The first line is the broadcast of the 112 host on the ICSD network on the jssmag network. It queries the name of laserwriter. the nbp id of the name query request is 190. the second line shows the response to this request (note that they have the same identification number). Host jssmag.209 indicates that a laserwriter resource is registered on port 250, the name is "rm1140 ". the third line is the other answer to this request. Port 186 of the host techpit has the "techpit" registered by laserwriter ".
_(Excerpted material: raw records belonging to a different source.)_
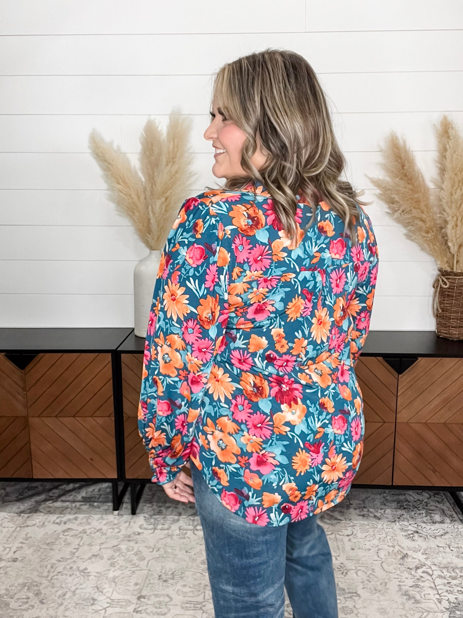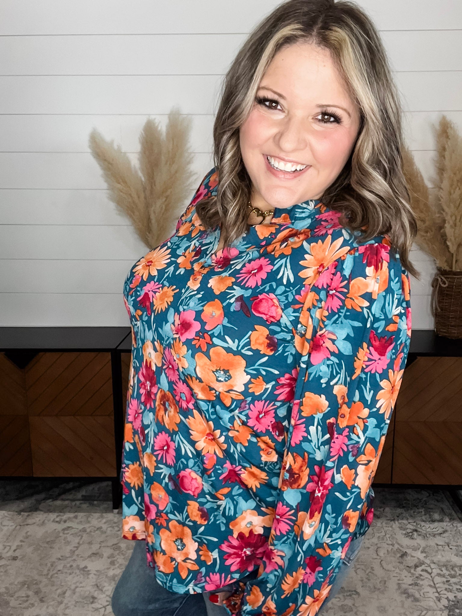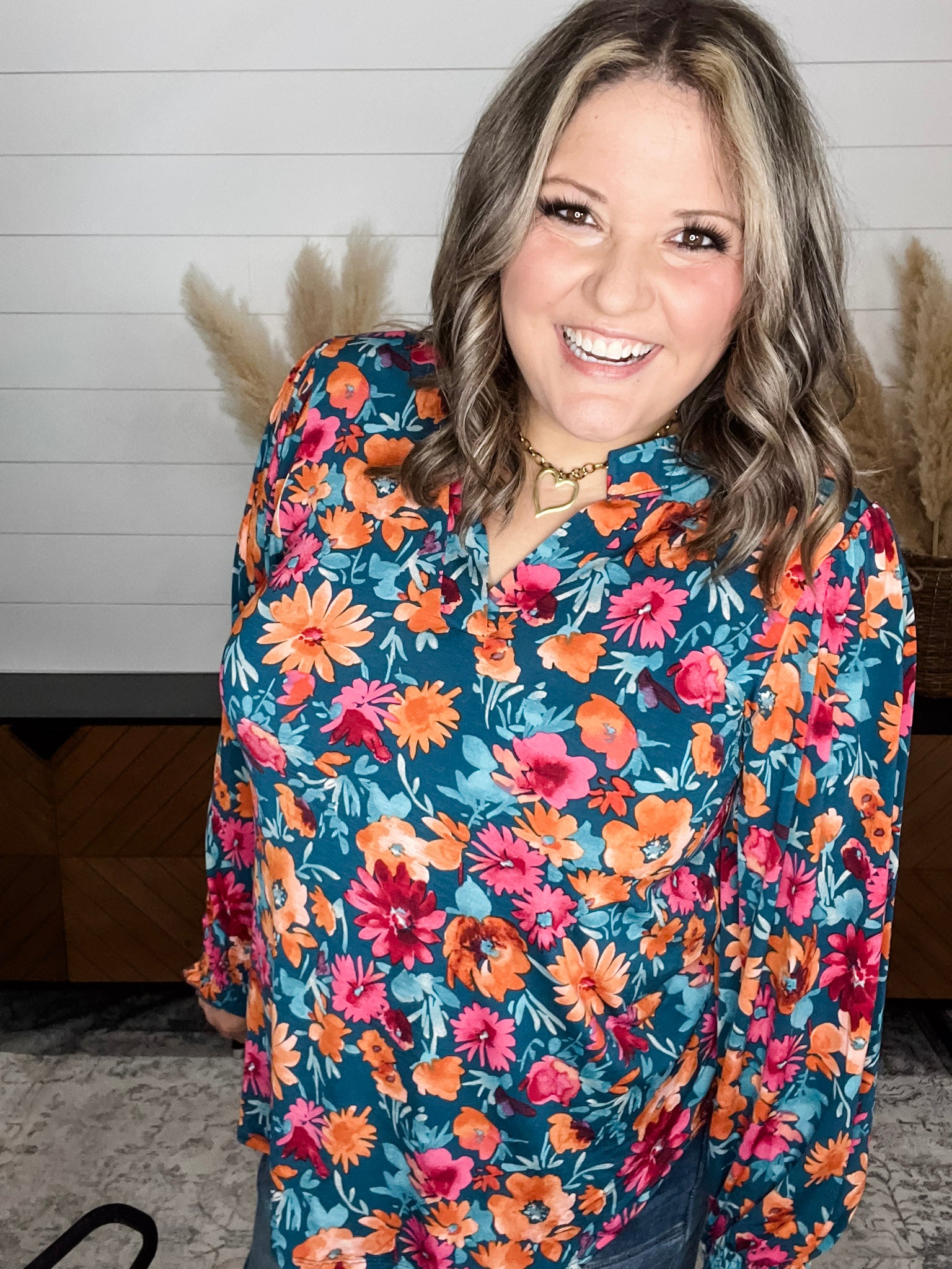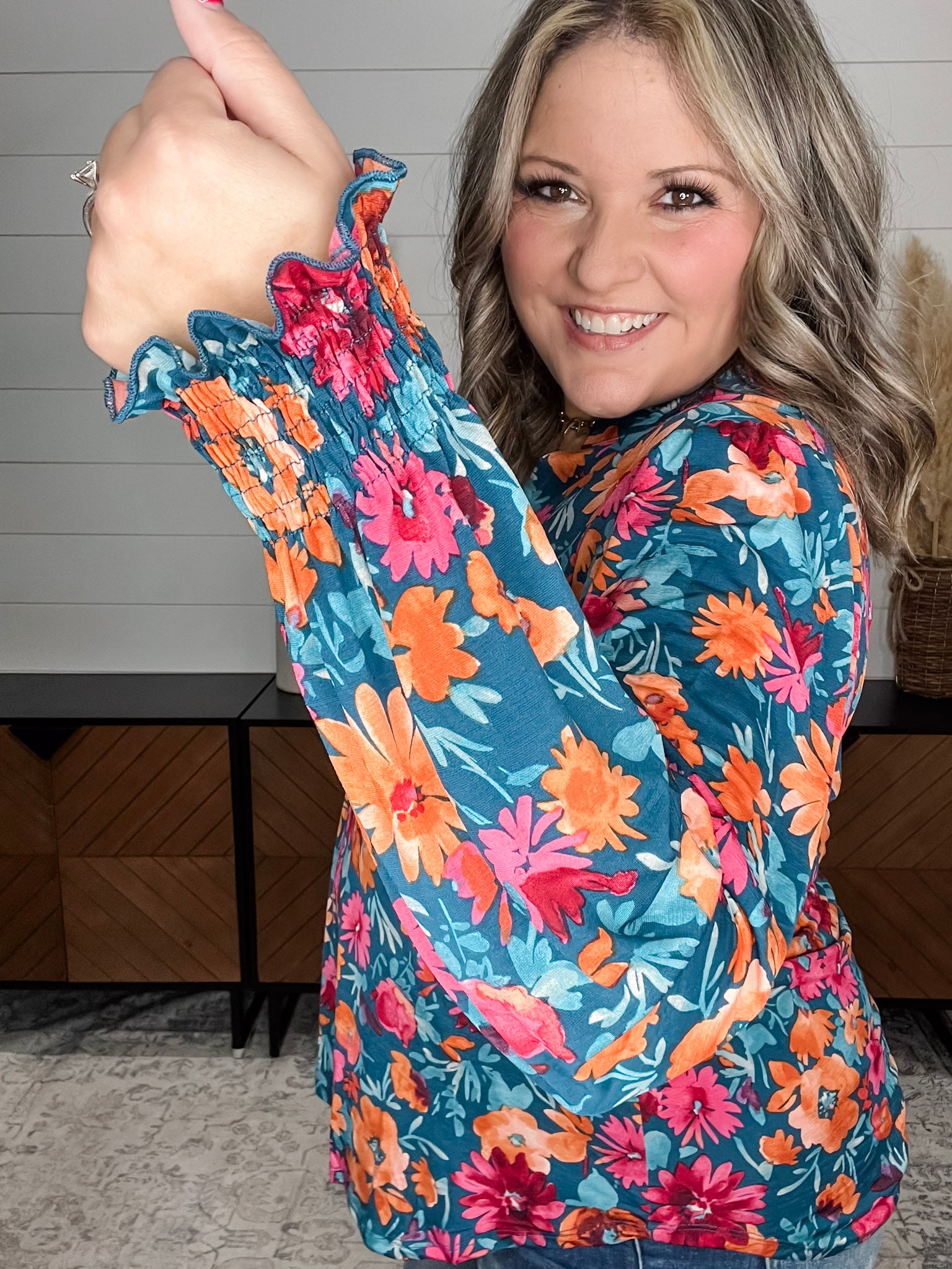 Slip into the "Bates" Smocked Wrist Long Sleeve Split Neck, a playful floral piece bursting with rich jewel tones. The slinky, stretchy fabric hugs your curves in all the right places—just size down one for the perfect fit. With its smocked wrists and flirty split neck, this top brings fun and elegance together effortlessly.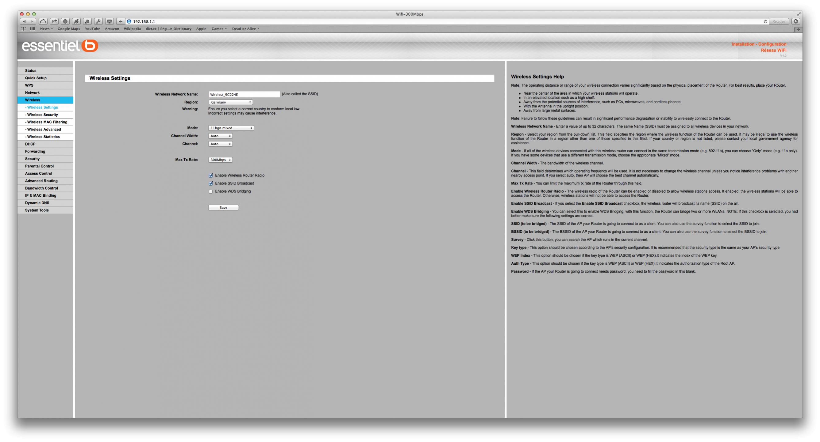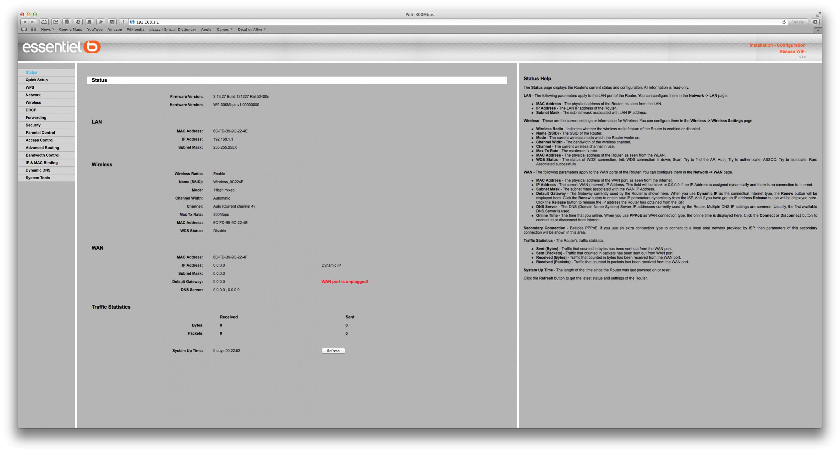 Den Router hatte ich auf einer längeren Dienstreise in Frankreich gekauft. Das Menü kann dem entsprechend nur in Französisch oder Englisch gestellt werden.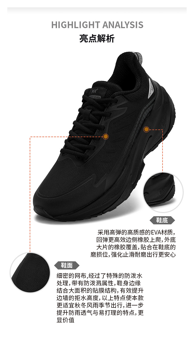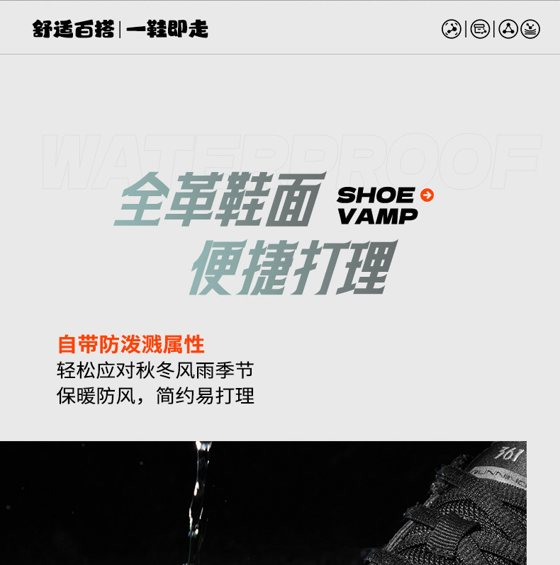 361 Yushan Yuping Running Shoes 2025 Winter Water-Repellent Sports Shoes Rainy Day Commuting Shoes Shock-Absorbing and Wear-Resistant Running Shoes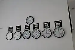 Gebetszeiten-Anzeige in der Moschee (von rechts nach links): Fadschr (Morgendämmerung), Zuhr (Mittag), ʿAsr (Nachmittag), Maghrib (Sonnenuntergang), ʿIschā (Abend), Dschumʿa (Freitag)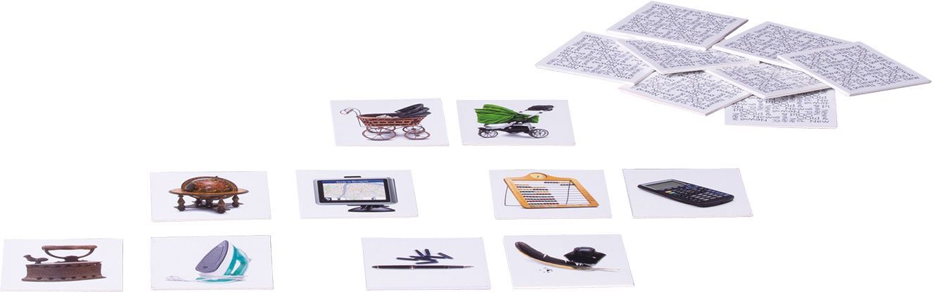 Dieses Memospiel entführt in längst vergangene Zeiten und zeigt durch den direkten Vergleich, wie sich Erfindungen von alltäglichen Gegenständen im Laufe der Jahrzente weiterentwickelt haben.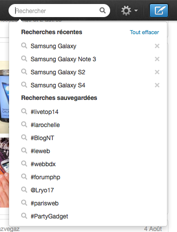 En cliquant sur une barre de recherche vide, vous avez désormais accès à la fois aux recherches récentes et aux recherches enregistrées.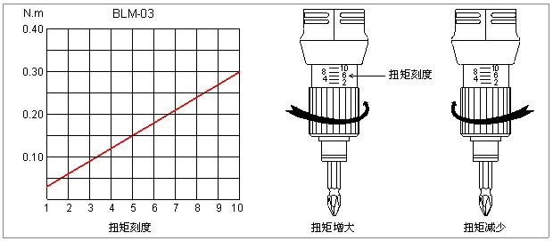 注意:机身上的扭矩调节刻度与电动螺丝刀输出扭矩的相互关系如扭矩标示图所示,要想输出精确的扭矩,请使用扭矩测试仪来配合调整输出扭矩。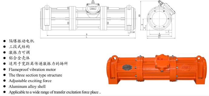 VLBL系列法兰式隔爆振动电机是新研发的一种铝合金壳体的新型 VLBL系列法兰式隔爆振动电机 振动电机具有如下特点:其一是结构合理、质量轻,参振质量大幅度降低;其二是电机通过法兰安装在筛箱侧板上,改变电机螺栓的受力状态,以消除振断螺栓的现象,从而提高振动机械的可靠性。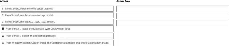 Which three actions should you perform in sequence? To answer, move the appropriate actions from the list of actions to the answer area and arrange them in the coned order.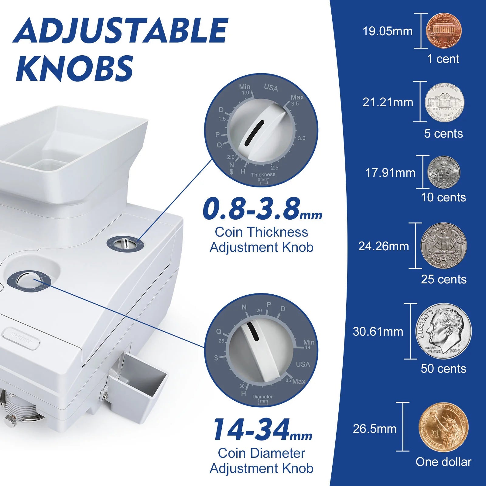 - Counts all US, Canadian, Mexican, other foreign coins and tokens thickness within 1.0-4.0mm, diameter within 14-33mm. Counting speed: 2300 coins/min (for coins with a diameter of 15mm and thickness of 1mm)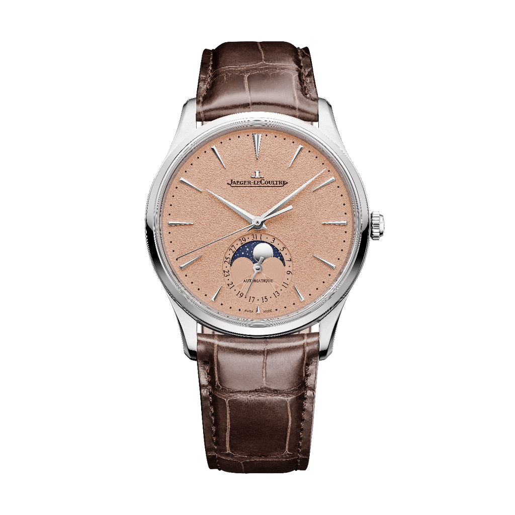 Les nouveaux cadrans grainés apportent une identité originale et contemporaine aux modèles Master Ultra Thin Date et Master Ultra Thin Moon. Leur texture délicate joue avec la lumière et révèle des nuances oscillant entre douceur poudrée et tonalités plus soutenues. Ces couleurs chaleureuses contrastent nettement avec le boîtier en acier poli, les index allongés et les aiguilles facettées. La composition du cadran, inspirée par la sobriété du boîtier de 39 mm, a été pensée selon un équilibre précis, structuré autour du guichet de date ou de la phase de lune positionné à 6 heures. Les index trapézoïdaux allongés répondent aux aiguilles Dauphine, partagées entre satinage et polissage pour créer un jeu lumineux captivant. Le bracelet en alligator, proposé dans une nouvelle teinte brune et équipé d’une boucle déployante en acier inoxydable interchangeable, ajoute polyvalence et modernité.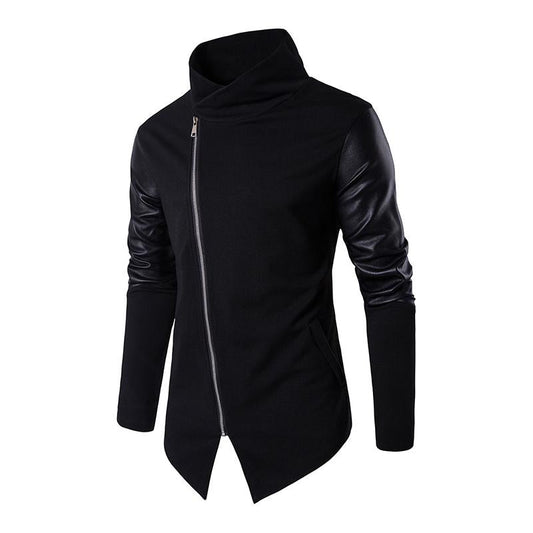 Men's Casual Stand Collar Slim Knit Leather Panel Jacket 05621291M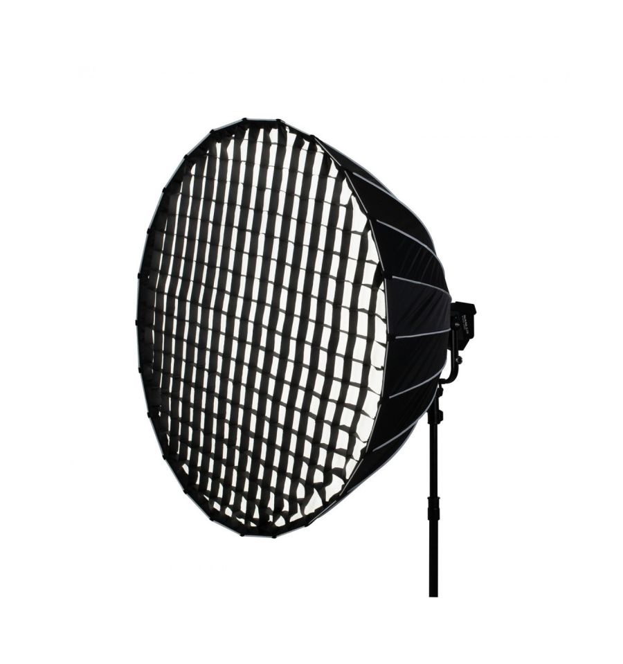 El NANLUX Softbox Parabolico 120 cm con montura NL está diseñado específicamente para la serie Evoke. Este SoftBox parabólico proporciona una luz uniforme y delicada. Incluye una rejilla que permite ajustar la dispersión del haz y el ángulo de iluminación, mientras que los difusores desmontables aseguran una calidad de luz suave. Su interior es de color plateado.

The ATP Message format is shown in the following example:

Jssmag.209.165> helios.132: atp-req12266 <0-7> 0xae030001
Helios.132> jssmag.209.165: atp-resp12266: 0 (512) 0xae040000
Helios.132> jssmag.209.165: atp-resp12266: 1 (512) 0xae040000
Helios.132> jssmag.209.165: atp-resp12266: 2 (512) 0xae040000
Helios.132> jssmag.209.165: atp-resp12266: 3 (512) 0xae040000
Helios.132> jssmag.209.165: atp-resp12266: 4 (512) 0xae040000
Helios.132> jssmag.209.165: atp-resp12266: 5 (512) 0xae040000
Helios.132> jssmag.209.165: atp-resp12266: 6 (512) 0xae040000
Helios.132> jssmag.209.165: ATP-Resp * 12266: 7 (512) 0xae040000
Jssmag.209.165> helios.132: atp-req12266 <3,5> 0xae030001
Helios.132> jssmag.209.165: atp-resp12266: 3 (512) 0xae040000
Helios.132> jssmag.209.165: atp-resp12266: 5 (512) 0xae040000
Jssmag.209.165> helios.132: atp-rel12266 <0-7> 0xae030001
Jssmag.209.20.> helios.132: ATP-req * 12267 <0-7> 0xae030002

Jssmag.209 initiates a transaction No. 12266 to the Helios host and requests 8 packets ('<0-7>'). The hexadecimal number at the end of the row is the value of the 'userdata' field in the request.